# Given data:

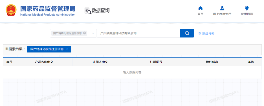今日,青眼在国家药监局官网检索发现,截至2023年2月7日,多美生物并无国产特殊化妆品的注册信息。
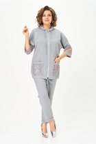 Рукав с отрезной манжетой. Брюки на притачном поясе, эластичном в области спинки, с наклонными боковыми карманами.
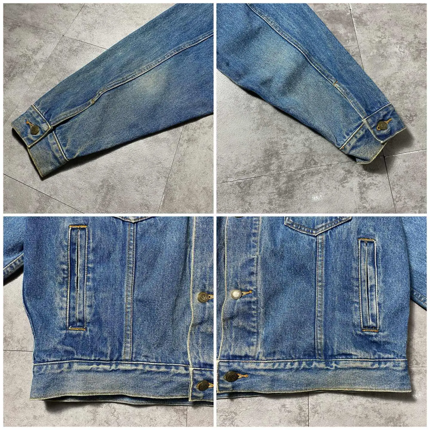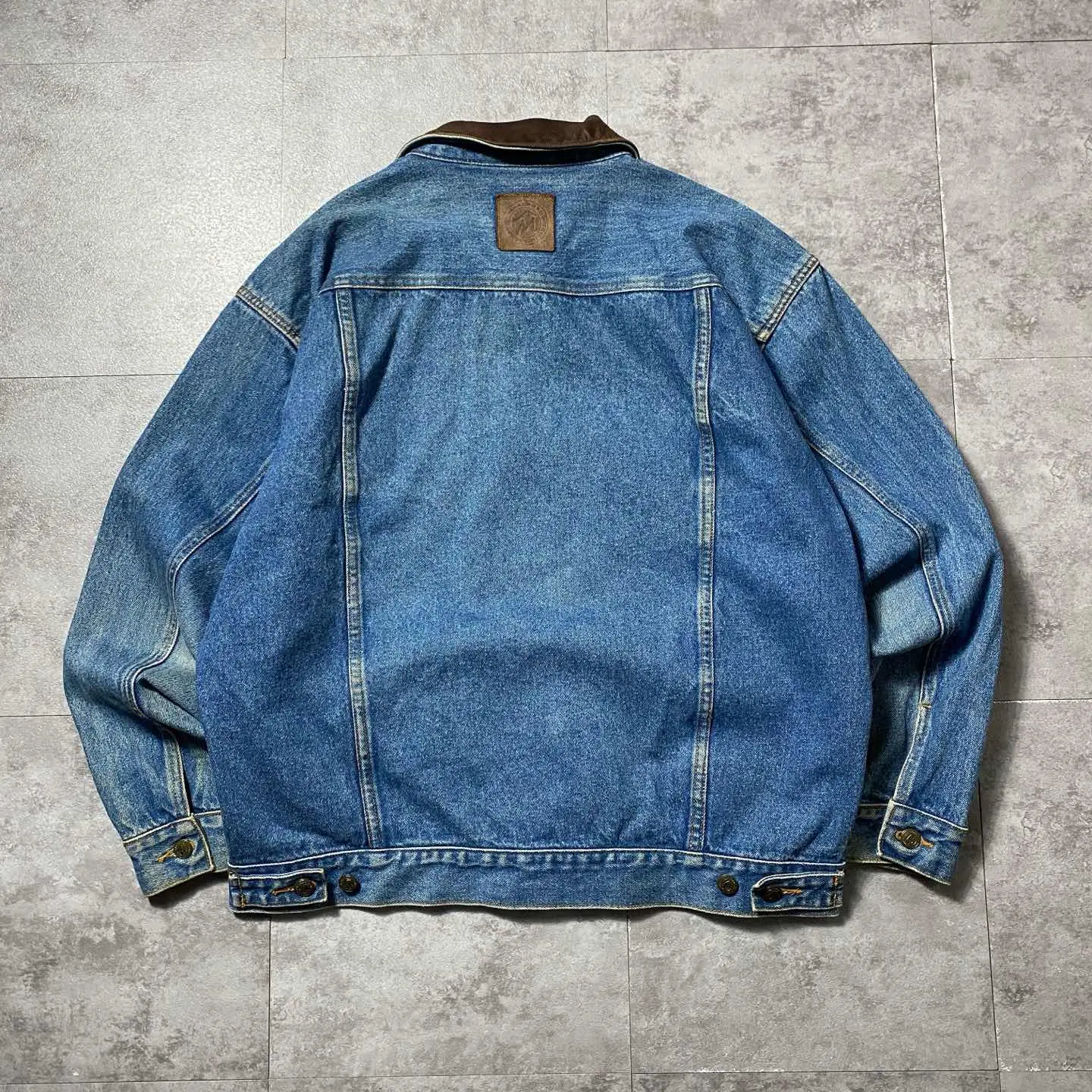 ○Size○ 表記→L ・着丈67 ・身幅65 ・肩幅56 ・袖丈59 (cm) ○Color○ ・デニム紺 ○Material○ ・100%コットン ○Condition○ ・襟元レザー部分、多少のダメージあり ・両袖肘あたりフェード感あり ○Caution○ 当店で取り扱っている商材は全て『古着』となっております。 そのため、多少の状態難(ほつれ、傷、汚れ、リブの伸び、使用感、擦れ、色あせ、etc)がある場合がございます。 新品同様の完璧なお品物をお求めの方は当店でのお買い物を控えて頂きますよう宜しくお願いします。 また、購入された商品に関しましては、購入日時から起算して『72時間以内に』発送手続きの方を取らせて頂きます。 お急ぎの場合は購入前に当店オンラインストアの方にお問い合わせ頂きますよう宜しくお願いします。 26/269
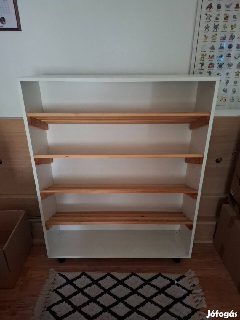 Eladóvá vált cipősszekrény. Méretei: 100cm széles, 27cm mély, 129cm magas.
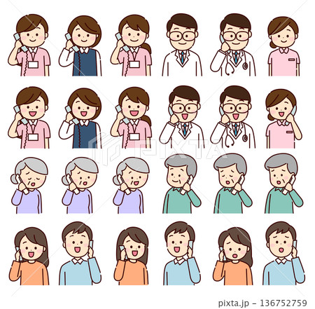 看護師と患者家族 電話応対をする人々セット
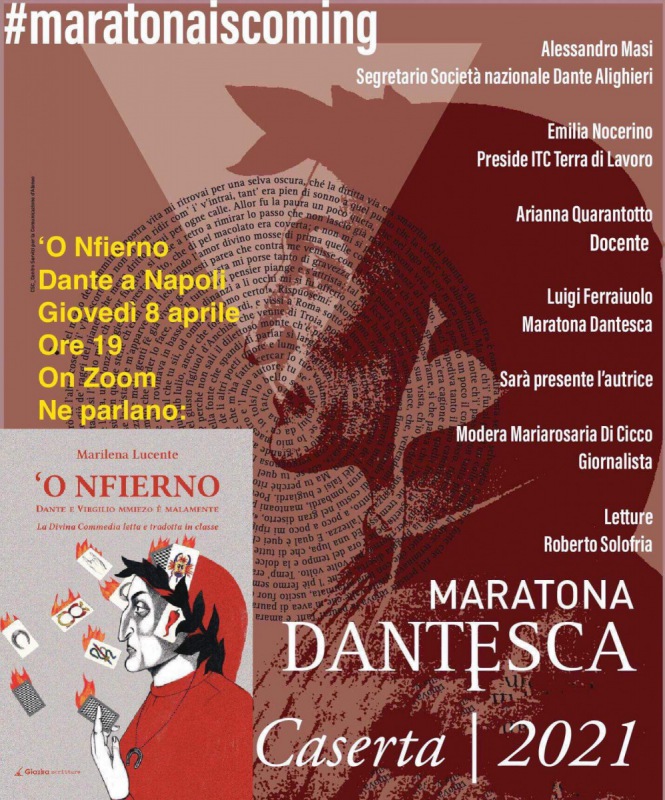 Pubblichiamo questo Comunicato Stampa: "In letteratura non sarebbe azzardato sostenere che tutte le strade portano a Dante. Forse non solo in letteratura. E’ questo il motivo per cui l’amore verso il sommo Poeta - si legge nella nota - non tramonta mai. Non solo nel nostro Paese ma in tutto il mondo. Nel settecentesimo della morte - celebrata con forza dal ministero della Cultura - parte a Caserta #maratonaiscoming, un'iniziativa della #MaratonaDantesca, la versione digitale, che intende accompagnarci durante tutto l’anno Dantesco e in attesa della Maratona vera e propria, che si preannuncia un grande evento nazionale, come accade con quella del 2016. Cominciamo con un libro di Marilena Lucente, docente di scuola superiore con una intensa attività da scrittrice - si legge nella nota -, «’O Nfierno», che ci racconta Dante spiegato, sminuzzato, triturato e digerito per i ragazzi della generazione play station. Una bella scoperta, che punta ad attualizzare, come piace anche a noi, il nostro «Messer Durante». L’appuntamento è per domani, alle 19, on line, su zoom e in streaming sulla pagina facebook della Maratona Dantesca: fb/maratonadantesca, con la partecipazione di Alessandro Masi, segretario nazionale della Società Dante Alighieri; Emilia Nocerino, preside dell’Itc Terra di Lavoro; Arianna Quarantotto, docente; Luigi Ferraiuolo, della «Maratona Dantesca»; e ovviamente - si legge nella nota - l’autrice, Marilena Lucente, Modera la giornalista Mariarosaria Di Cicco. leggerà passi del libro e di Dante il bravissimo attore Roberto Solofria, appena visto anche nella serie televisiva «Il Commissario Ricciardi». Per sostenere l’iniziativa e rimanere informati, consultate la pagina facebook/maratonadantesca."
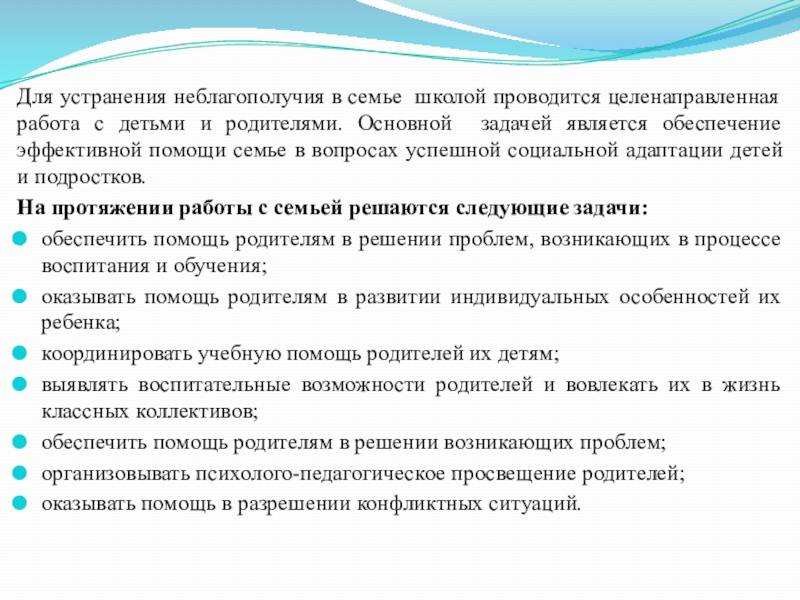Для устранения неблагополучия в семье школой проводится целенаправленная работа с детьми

* * *

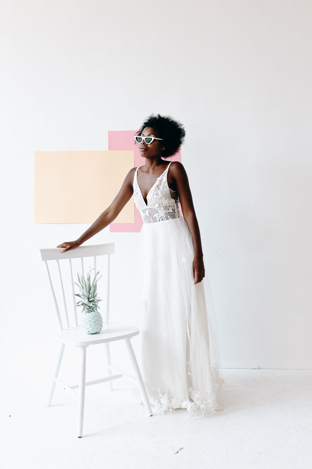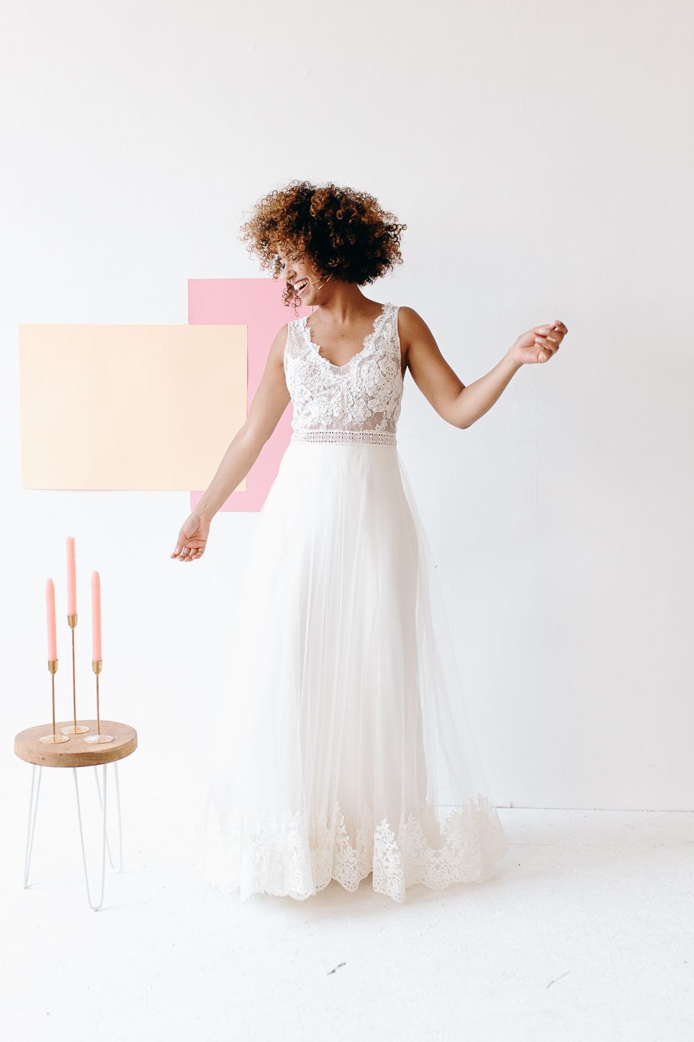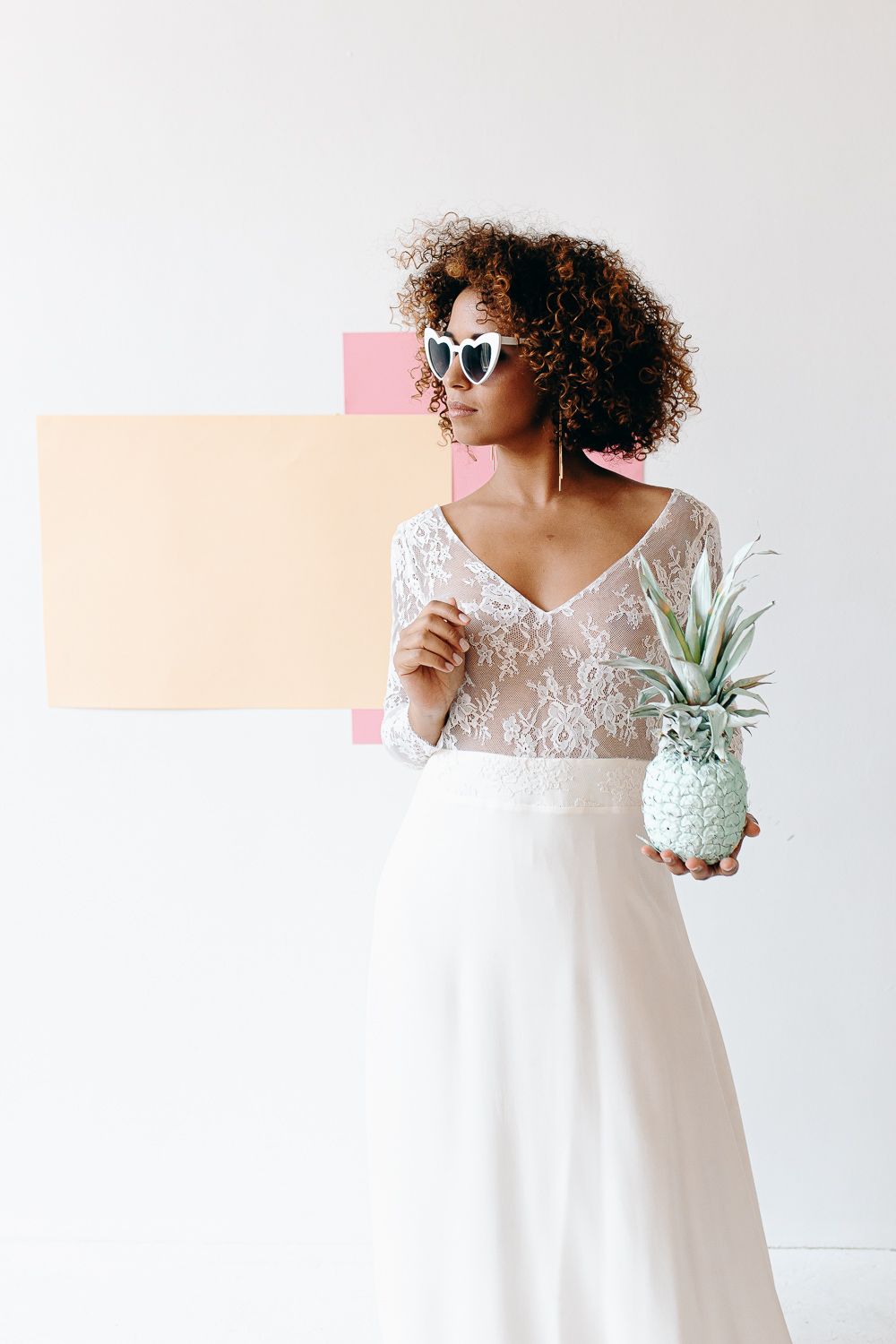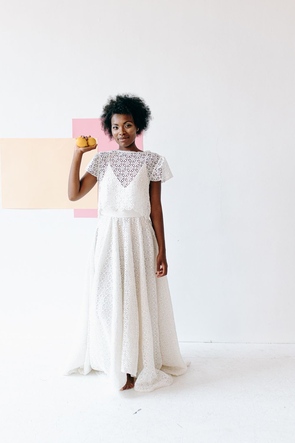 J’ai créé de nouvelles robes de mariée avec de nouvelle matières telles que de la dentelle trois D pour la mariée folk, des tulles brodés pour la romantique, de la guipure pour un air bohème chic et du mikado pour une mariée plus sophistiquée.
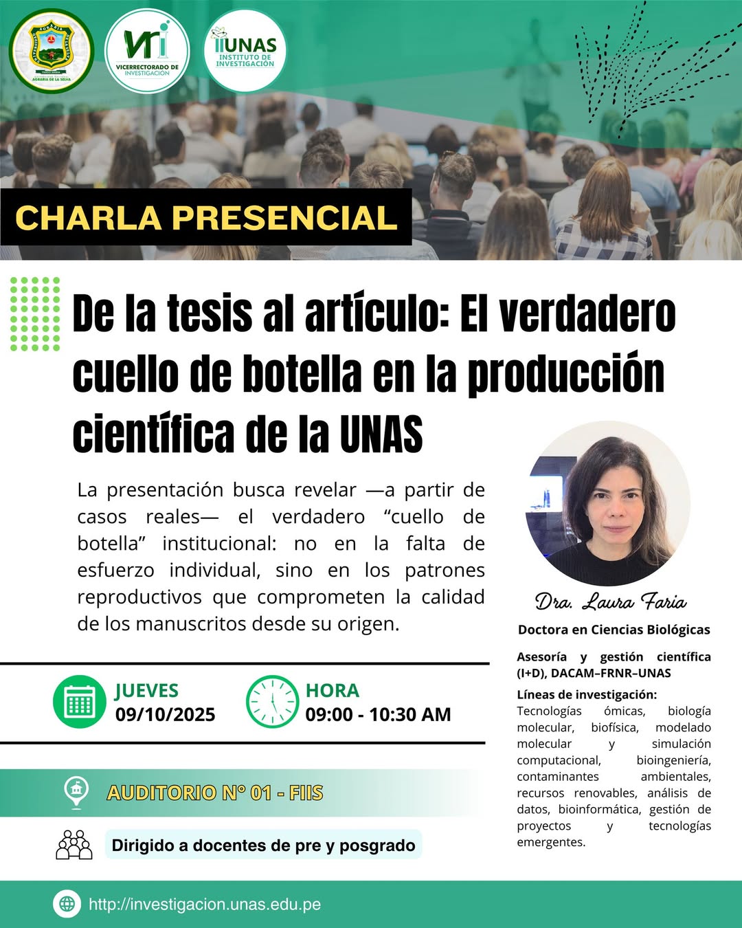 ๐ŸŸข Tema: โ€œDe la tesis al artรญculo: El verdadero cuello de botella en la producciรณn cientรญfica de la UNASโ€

# Requirement:
Every line above from the one with "Eladóvá vált cipősszekrény." down to the one with "看護師と患者家族 電話応対をする人々セット" must be written out exactly, and no picture may appear.

# Written response:
 Eladóvá vált cipősszekrény. Méretei: 100cm széles, 27cm mély, 129cm magas.
 看護師と患者家族 電話応対をする人々セット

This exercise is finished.